Об ужасах, совершаемых над политическими, и говорить нечего. Мы ничего здесь не знаем. Знаем только, что тысячи людей подвергаются страшным мучениям одиночного заключения, каторге, смерти и что все это скрыто от всех, кроме участников в этих жестокостях.
Разговорился я о том, что интересует вас и не может не интересовать меня: цель же моего этого письма вот какая:
Нынешней зимой появилась на Петербургской выставке передвижников картина Н. Ге: Христос перед Пилатом, под названием «Что есть истина?», Иоанн XVIII, 38. Не говоря о том, что картина написана большим мастером (профессором академии) и известным своими картинами — самая замечательная: «Тайная вечеря» — художником, картина эта, кроме мастерской техники, обратила особенно внимание всех силою выражения основной мысли и новизною и искренностью отношения к предмету. Как верно говорит, кажется, Swift, что «we usually find that to be the best fruit which the birds have been picking at»
*, картина эта вызвала страшные нападки, негодование всех церковных людей и всех правительственных. До такой степени, что по приказу царя ее сняли с выставки и запретили показывать.
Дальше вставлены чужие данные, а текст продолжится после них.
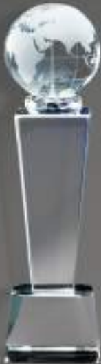
CR310 8 3/4 x 2 1/2" Optical Crystal Globe Column Trophy

The selection below consists of some of our most popular crystal awards. You will find many more on our website. The crystal is lead free and is laser engraved with text and logos. Some of the items come in multiple sizes which are listed below. All items are delivered in a deluxe presentation box. Pricing can be found in the centerfold along with the engraving price for text and logos.
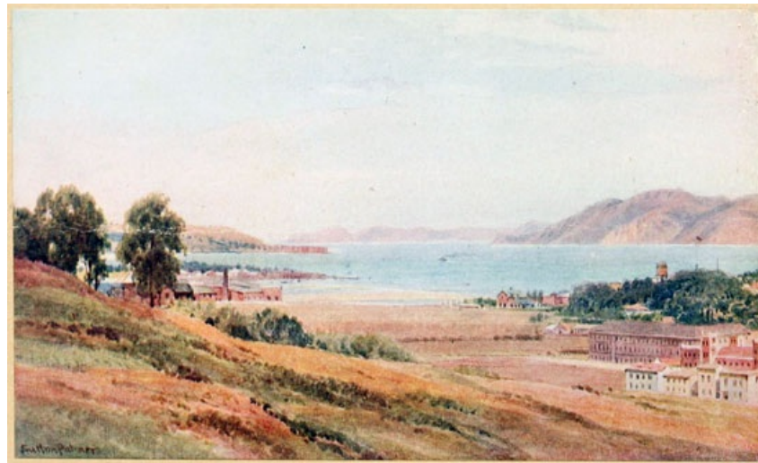
THE GOLDEN GATE AND BLACK POINT, FROM HYDE STREET, SAN FRANCISCO. (SITE OF THE PANAMA EXPOSITION, 1915)

"Eh, the Americanos ..." she shrugged; she moved to give a drink to the spotted musk, flowering in a chipped saucer; the subject did not interest her; her thought, like her flowers, had grown up in an enclosure. [105]

Теперь один адвокат Ильин (я не знаю его) решился на свой счет и риск везти картину в Америку, и вчера я получил письмо о том, что картина уехала. Цель моего письма та, чтобы обратить ваше внимание на эту, по моему мнению, составляющую эпоху в истории христианской живописи картину и, если она, как я почти уверен, произведет на вас то же впечатление, как и на меня, просить вас содействовать пониманию ее американской публикой, — растолковать ее.
Смысл картины, на мой взгляд, следующий: в историческом отношении она выражает ту минуту, когда Иисуса, после бессонной ночи, во время которой его, связанного, водили из места в место и били, привели к Пилату. Пилат — римский губернатор, вроде наших сибирских губернаторов, которых вы знаете, живет только интересами метрополии и, разумеется, с презрением и некоторой гадливостью относится к тем смутам, да еще религиозным, грубого, суеверного народа, которым он управляет.
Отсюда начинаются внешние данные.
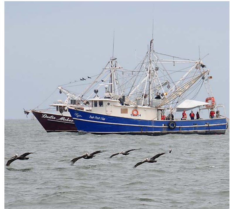
Shrimping boats put out of work by the oil spill help with the cleanup effort.

Many coastal towns rely on oyster beds, fishing, and the shrimping industry for jobs. Other towns have beautiful beaches and fishing areas that attract tourists and other people for recreation. All of these important parts of the Gulf Coast's economy can be severely damaged or even destroyed by spilled oil. The possible effect on the lives of people who live in the path of the spill is enormous. Some estimates put the damages to fishing and tourism from the Deepwater Horizon oil spill at more than $5 billion.
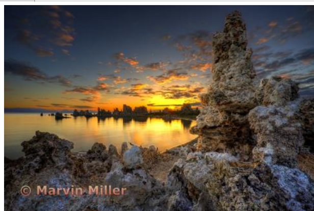
Travel Projected - 1st - Advanced

Sunrise Reveals Tufas Which Were Previously Submerged In Mono Lake Thus Showing The Damaging Effect Of Humans On The Lake Level
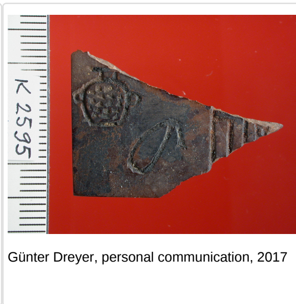
Günter Dreyer, personal communication, 2017

Тут-то и происходит разговор [Иоанна] XVIII, 33–38, в котором добродушный губернатор хочет опуститься en bon prince
* до варварских интересов своих подчиненных и, как это свойственно важным людям, составил себе понятие о том, о чем он спрашивает, и сам вперед говорит, не интересуясь даже ответами; с улыбкой снисхождения, я полагаю, все говорит: «Так ты царь?» Иисус измучен, и одного взгляда на это выхоленное, самодовольное, отупевшее от роскошной жизни лицо достаточно, чтобы понять ту пропасть, которая их разделяет, и невозможность или страшную трудность для Пилата понять его учение. Но Иисус помнит, что и Пилат человек и брат, заблудший, но брат, и что он не имеет права не открывать ему ту истину, которую он открывает людям, и он начинает говорить (37). Но Пилат останавливает его на слове истина. Что может оборванный нищий, мальчишка, сказать ему, другу и собеседнику римских поэтов и философов, — сказать об истине? Ему неинтересно дослушивать тот вздор, который ему может сказать этот еврейский жидок, и даже немножко неприятно, что этот бродяга может вообразить, что он может поучать римского вельможу, и потому он сразу останавливает его и показывает ему, что об слове и понятии истина думали люди поумнее, поученее и поутонченнее его и его евреев и давно уже решили, что нельзя знать, что такое истина, что истина — пустое слово. И, сказав: «Что есть истина?» и повернувшись на каблуке, добродушный и самодовольный губернатор уходит к себе. А Иисусу жалко человека и страшно за ту пучину лжи, которая отделяет его и таких людей от истины, и это выражено на его лице.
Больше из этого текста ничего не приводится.